TASK INSTRUCTIONS - Repeat the listing exactly. Any picture in it should be left out of the copy.

----- AVAILABLE DATA

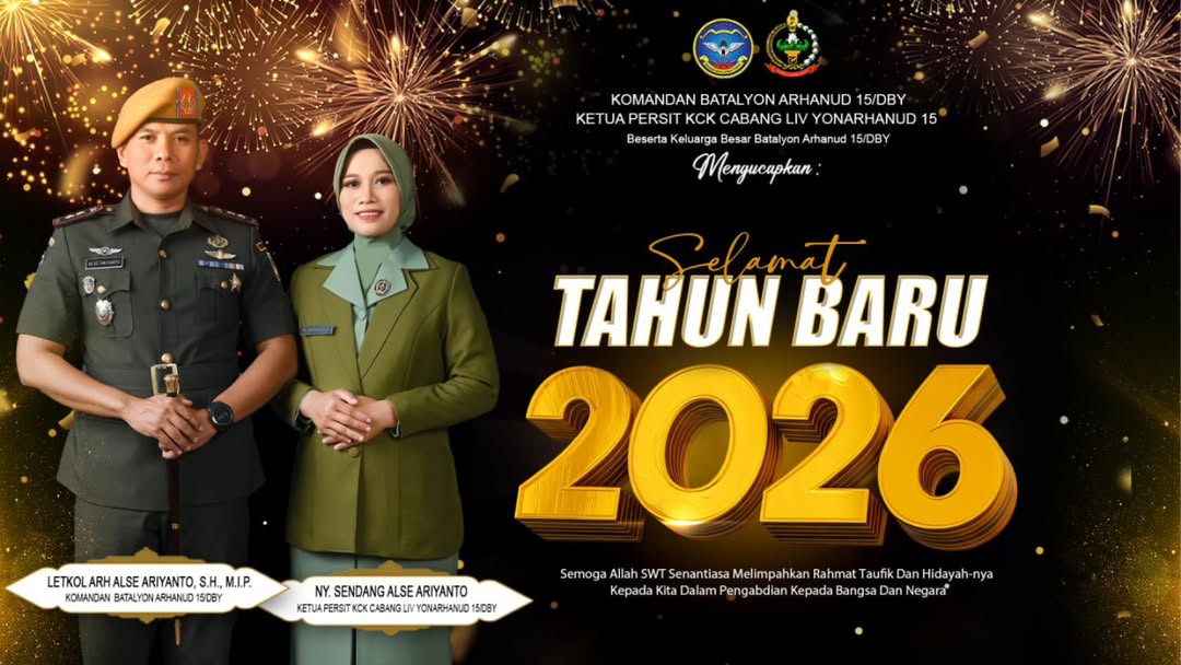 Semarang — Batalyon Arhanud 15/DBY menggelar kegiatan Malam Tahun Baru yang berlangsung di Garasi LDK Yonarhanud 15/DBY. Kegiatan ini dihadiri langsung oleh Komandan Batalyon Arhanud 15/DBY Letkol Arh Alse Ariyanto, S.H., M.I.P. beserta Ketua Persit KCK Cabang LIV Yonarhanud 15 PD IV/Diponegoro Ny. Sendang Alse Ariyanto, serta prajurit, Persit, dan keluarga besar satuan. Rabu (31/12/2025) Rangkaian kegiatan diawali dengan doa bersama sebagai ungkapan rasa syukur dan harapan agar di tahun yang baru seluruh prajurit beserta keluarga selalu diberikan keselamatan, kesehatan, dan keberkahan dalam menjalankan tugas. Selanjutnya dilaksanakan berbagai perlombaan yang…
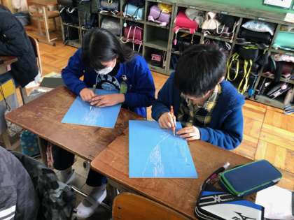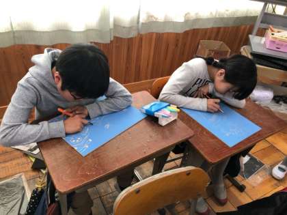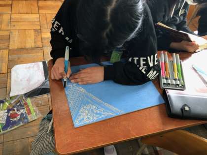 現在,彫刻刀を使って版画を彫り進めています。彫っていくうちにだんだんと上手くなり,最初より早く丁寧に彫ることができています。次から色をつけていきます。
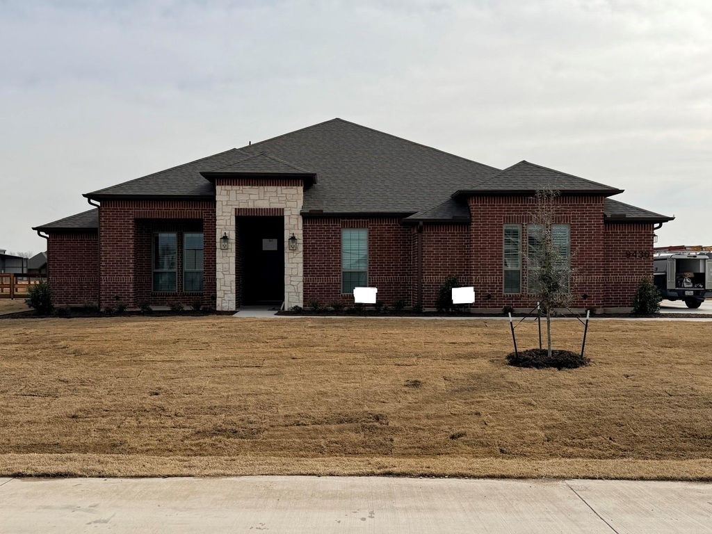 MLS# 21246457 - Built by Brookson Builders - Ready Now! ~ Discover this stunning single-family residence in the desirable Green Prairie Country Estates, completed in 2025. Boasting 2,841 sq ft, this home features four spacious bedrooms, including four primary suites, and four bathrooms—three full and one half. The open floorplan is accentuated by decorative lighting and a central kitchen island, perfect for entertaining. Enjoy cozy evenings by one of the two wood-burning fireplaces, located in the family room and outdoors. Two living areas provide ample space for relaxation, while the covered patio invites outdoor enjoyment. Additional highlights include a three-car garage, walk-in closets, and modern amenities such as central heating and cooling. Located within Ponder ISD, this property is ideal for families seeking comfort and convenience. Don’t miss the opportunity to call this beautiful home yours!

----------

ANSWER TO THE PROBLEM -
 Semarang — Batalyon Arhanud 15/DBY menggelar kegiatan Malam Tahun Baru yang berlangsung di Garasi LDK Yonarhanud 15/DBY. Kegiatan ini dihadiri langsung oleh Komandan Batalyon Arhanud 15/DBY Letkol Arh Alse Ariyanto, S.H., M.I.P. beserta Ketua Persit KCK Cabang LIV Yonarhanud 15 PD IV/Diponegoro Ny. Sendang Alse Ariyanto, serta prajurit, Persit, dan keluarga besar satuan. Rabu (31/12/2025) Rangkaian kegiatan diawali dengan doa bersama sebagai ungkapan rasa syukur dan harapan agar di tahun yang baru seluruh prajurit beserta keluarga selalu diberikan keselamatan, kesehatan, dan keberkahan dalam menjalankan tugas. Selanjutnya dilaksanakan berbagai perlombaan yang…
 現在,彫刻刀を使って版画を彫り進めています。彫っていくうちにだんだんと上手くなり,最初より早く丁寧に彫ることができています。次から色をつけていきます。
 MLS# 21246457 - Built by Brookson Builders - Ready Now! ~ Discover this stunning single-family residence in the desirable Green Prairie Country Estates, completed in 2025. Boasting 2,841 sq ft, this home features four spacious bedrooms, including four primary suites, and four bathrooms—three full and one half. The open floorplan is accentuated by decorative lighting and a central kitchen island, perfect for entertaining. Enjoy cozy evenings by one of the two wood-burning fireplaces, located in the family room and outdoors. Two living areas provide ample space for relaxation, while the covered patio invites outdoor enjoyment. Additional highlights include a three-car garage, walk-in closets, and modern amenities such as central heating and cooling. Located within Ponder ISD, this property is ideal for families seeking comfort and convenience. Don’t miss the opportunity to call this beautiful home yours!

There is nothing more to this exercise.